##### SOURCE RECORDS

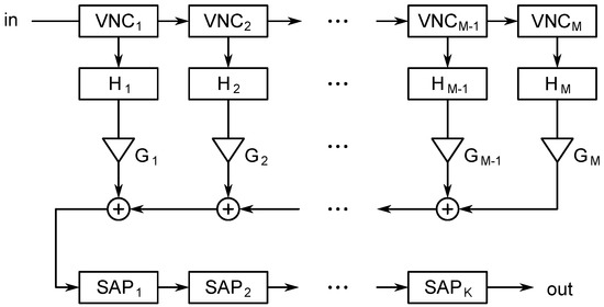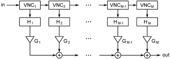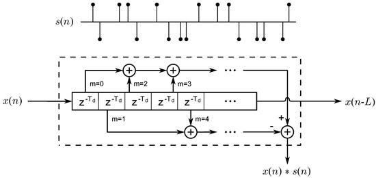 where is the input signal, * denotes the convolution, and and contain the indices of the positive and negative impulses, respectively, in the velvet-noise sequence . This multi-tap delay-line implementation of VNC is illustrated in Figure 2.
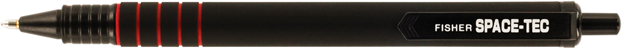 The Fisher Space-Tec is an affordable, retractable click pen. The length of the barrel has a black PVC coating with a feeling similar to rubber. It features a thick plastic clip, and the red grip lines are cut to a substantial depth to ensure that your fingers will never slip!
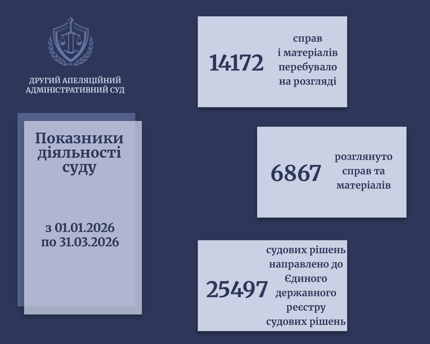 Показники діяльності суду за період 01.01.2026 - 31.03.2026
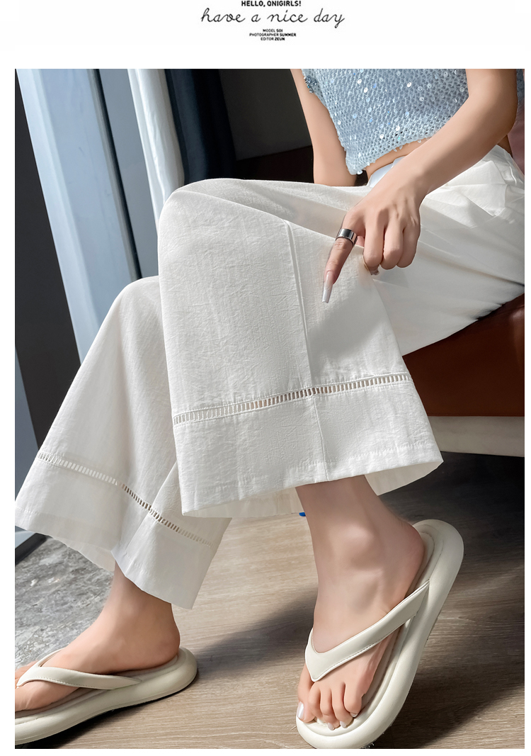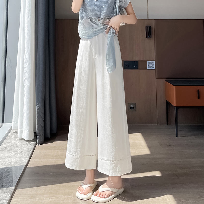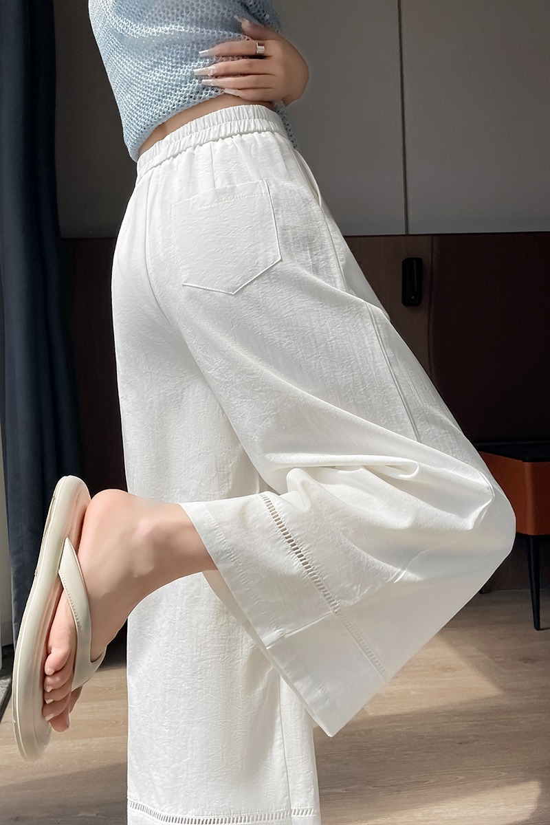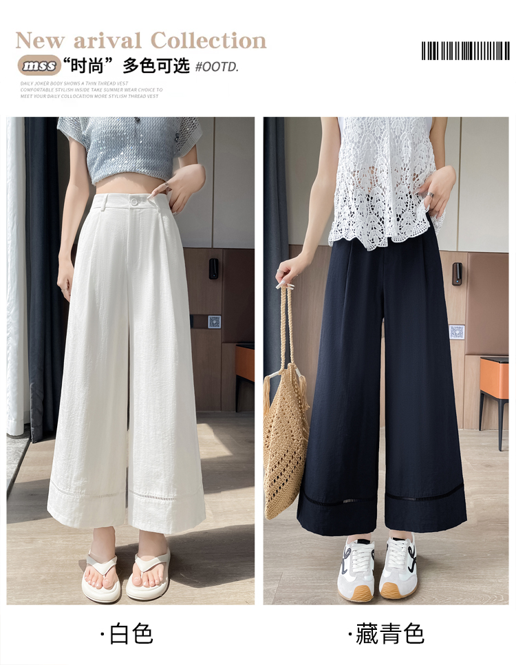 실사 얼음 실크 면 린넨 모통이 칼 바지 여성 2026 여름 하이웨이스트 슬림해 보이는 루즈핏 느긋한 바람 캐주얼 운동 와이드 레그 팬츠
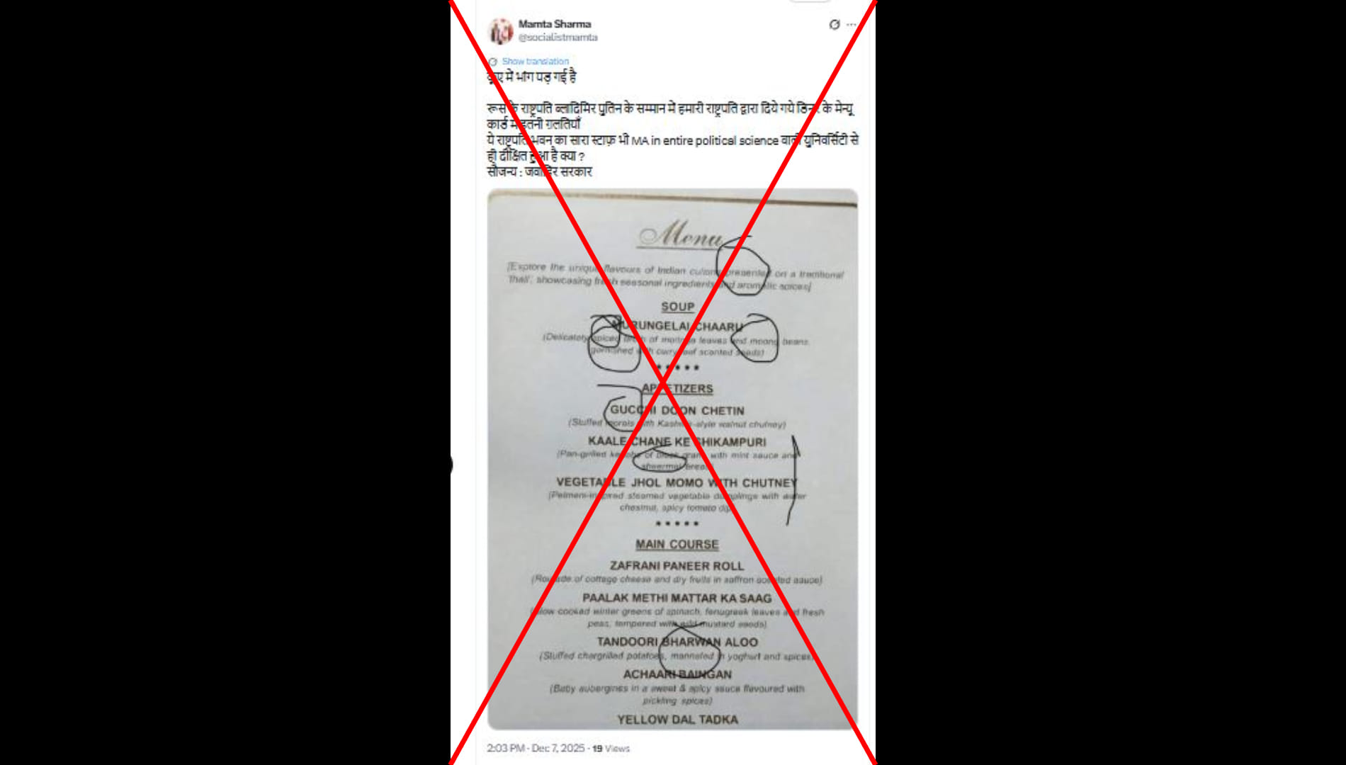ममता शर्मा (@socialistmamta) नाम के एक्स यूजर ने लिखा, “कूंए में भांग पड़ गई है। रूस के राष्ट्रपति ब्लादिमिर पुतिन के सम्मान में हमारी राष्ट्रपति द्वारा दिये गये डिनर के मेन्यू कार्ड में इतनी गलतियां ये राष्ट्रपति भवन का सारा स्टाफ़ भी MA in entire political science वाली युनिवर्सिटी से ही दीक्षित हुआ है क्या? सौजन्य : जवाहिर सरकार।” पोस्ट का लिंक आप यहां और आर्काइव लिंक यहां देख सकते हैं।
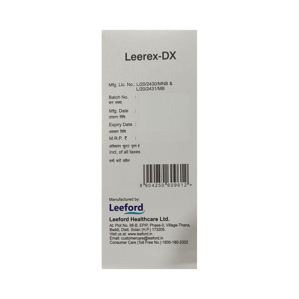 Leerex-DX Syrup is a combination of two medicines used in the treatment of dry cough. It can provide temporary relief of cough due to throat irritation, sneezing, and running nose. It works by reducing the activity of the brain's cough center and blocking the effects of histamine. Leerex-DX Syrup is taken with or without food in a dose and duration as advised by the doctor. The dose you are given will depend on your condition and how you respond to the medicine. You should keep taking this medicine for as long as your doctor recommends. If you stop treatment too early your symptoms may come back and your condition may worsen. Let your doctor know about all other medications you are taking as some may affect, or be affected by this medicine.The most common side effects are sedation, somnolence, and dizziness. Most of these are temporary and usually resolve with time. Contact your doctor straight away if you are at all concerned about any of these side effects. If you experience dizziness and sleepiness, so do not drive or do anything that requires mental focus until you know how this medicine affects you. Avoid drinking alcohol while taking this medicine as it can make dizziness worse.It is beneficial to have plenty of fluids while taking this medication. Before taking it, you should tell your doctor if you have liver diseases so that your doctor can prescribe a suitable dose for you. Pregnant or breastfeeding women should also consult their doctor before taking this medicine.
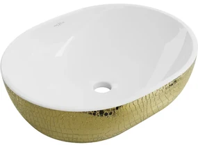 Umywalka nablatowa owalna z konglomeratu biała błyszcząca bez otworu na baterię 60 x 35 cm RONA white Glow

##########

◆ PROBLEM TO WORK ON
Print out the entries above word for word from the first line to the line containing "ममता शर्मा (@socialistmamta)", both included, omitting the pictures.

◆ WORKED SOLUTION
 where is the input signal, * denotes the convolution, and and contain the indices of the positive and negative impulses, respectively, in the velvet-noise sequence . This multi-tap delay-line implementation of VNC is illustrated in Figure 2.
 The Fisher Space-Tec is an affordable, retractable click pen. The length of the barrel has a black PVC coating with a feeling similar to rubber. It features a thick plastic clip, and the red grip lines are cut to a substantial depth to ensure that your fingers will never slip!
 Показники діяльності суду за період 01.01.2026 - 31.03.2026
 실사 얼음 실크 면 린넨 모통이 칼 바지 여성 2026 여름 하이웨이스트 슬림해 보이는 루즈핏 느긋한 바람 캐주얼 운동 와이드 레그 팬츠
ममता शर्मा (@socialistmamta) नाम के एक्स यूजर ने लिखा, “कूंए में भांग पड़ गई है। रूस के राष्ट्रपति ब्लादिमिर पुतिन के सम्मान में हमारी राष्ट्रपति द्वारा दिये गये डिनर के मेन्यू कार्ड में इतनी गलतियां ये राष्ट्रपति भवन का सारा स्टाफ़ भी MA in entire political science वाली युनिवर्सिटी से ही दीक्षित हुआ है क्या? सौजन्य : जवाहिर सरकार।” पोस्ट का लिंक आप यहां और आर्काइव लिंक यहां देख सकते हैं।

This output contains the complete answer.